Career Choice or Choice Career?
 Help Wanted: Career Counselor. Must have patience. Ability to perform miracles a plus. Odd shifts available.
For the past year I have been on the prowl for a job. That's not true, I have a job, several in fact. At this point I need a career, or at least a mere career TRACK. One thing's for sure: I don't want to work in a cubicle, and I don't want to wear stockings and heels. Since I'm already putting in my requests...I want a health insurance plan with dental and eye care, stock options, voluminous vacation time, and a bathtub with jacuzzi jets. Is that too much to ask???

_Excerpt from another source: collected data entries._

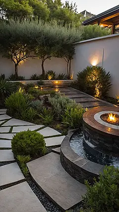 And what’s cooler than a fire pit? A fire pit *and* a water feature, all rolled into one super stylish circular masterpiece! This isn’t your average outdoor hangout; it’s a watery moat around a cozy flame, practically begging for some epic marshmallow roasting sessions or just a quiet evening with friends. This entire minimalist front yard is basically a masterclass in how to make your entrance say, “Welcome to my calm, stylish oasis,” without being all shouty about it. It seriously proves that sometimes, less truly is more – especially when “less” includes a personal fire-and-water show right by your door.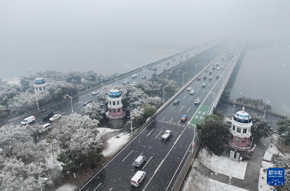 这是10月17日拍摄的雪中的哈尔滨公路大桥(无人机照片)。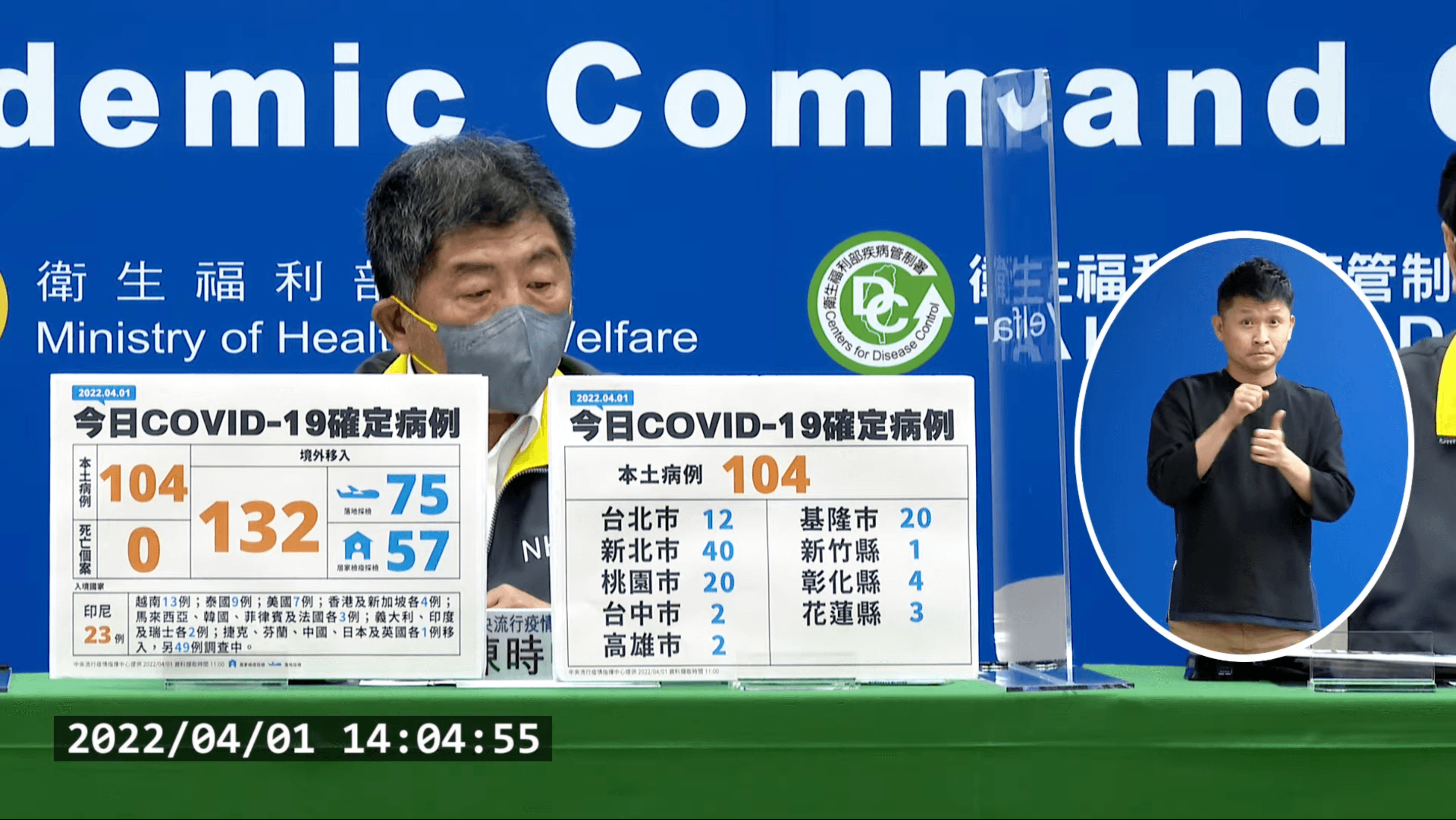 指揮中心說明,境外移入個案為71例男性、59例女性、2例調查中,年齡介於未滿5歲至70多歲,分別自印尼23例、越南13例、泰國9例、美國7例、香港及新加坡各4例、馬來西亞、韓國、菲律賓及法國各3例、義大利、印度及瑞士各2例、捷克、芬蘭、中國、日本及英國各1例移入,另49例調查中。入境日介於2022年2月22日至3月31日。

For that matter, I don't want to wear a suit, unless it's for bathing. Still, for the sake of trying on a new figurative "suit", I recently went to an interview clad in a business suit. When I graduated from college, a career counselor handed me a folder of practical career "tips". Don't chew gum in an interview, nod head enthusiastically when told anything about the position or company, write a pleasant but not desperate thank you note and send it the day after, etc. The college career services office offers lifetime counseling for alumni, and I'm beginning to wonder if they thought anyone (until I came along, that is) would truly take them up on that. To avoid homicide, I've turned to online career guidance, in the form of a friendly monster, who regardless of my uncompromising wish list continues to further my search.
I've learned how to shake someone's hand when we first meet, and for how many seconds to look them in the eye and smile. I know my lines for all the probable, and not so probable, questions an interviewer may ask. "So, tell us about yourself". "What interests you about this position?" "What is your best quality?" "Worst?" "Where do see yourself ten years from now?" I have become adept at making my scripted answers sound unscripted--I tilt my head, scratch my head, say "Gee, no one's asked me that before, let me see..." Then, I impress my interviewer(s) with my quick off-the-cuff responses, full of profound insight and clarity.
In spite of all my training, last week I was thrown by an unexpected question. Exec: "What's one word your friends would use to describe you?" Me: "Um, in-debt...?" Exec: "Well, what's one word you would use to describe yourself?" Me: "Hungry." Me again: "...for meaning." Goodbye to that job prospect.
I've registered myself for a 10-hour crash in computer graphics, since every position which remotely intrigues me demands QuarkXpress under my entry-level belt. So I bought a package course deal: Quark, Photoshop, Illustrator. To top that, I have even begun to learn the very thing I have always thought would bring home some bacon: HTML. If a monkey can teach it to me, I can learn it, damn it1x So, stand back. The oyster will soon be my world. Or vice versa.
When all's said and done, the idea of any 9-5 kills me. I just heard through a friend of a friend that a friend of another friend was diagnosed with cancer and told he had 5 years to live. He had worked for years in a pharmaceutical company as the head photocopy guy. Faced with this new knowledge, he mourned the years he wasted beside the copy machine, when he should have been enjoying life. You're probably thinking: What candyland are you coming from, where the photocopy guys actually WANT to do what they do?
You've got a point. But I found a book which offers alternatives, a book I would recommend to fellow willing-to-work but unwilling-to-settle folk: Creating a Life Worth Living : A Practical Course in Career Design for Aspiring Writers, Artists, Filmmakers, Musicians, and Others Who Want to Make a Living, by Carol Lloyd. I hope the book gives photocopy guys a future farther away from the photocopy machine.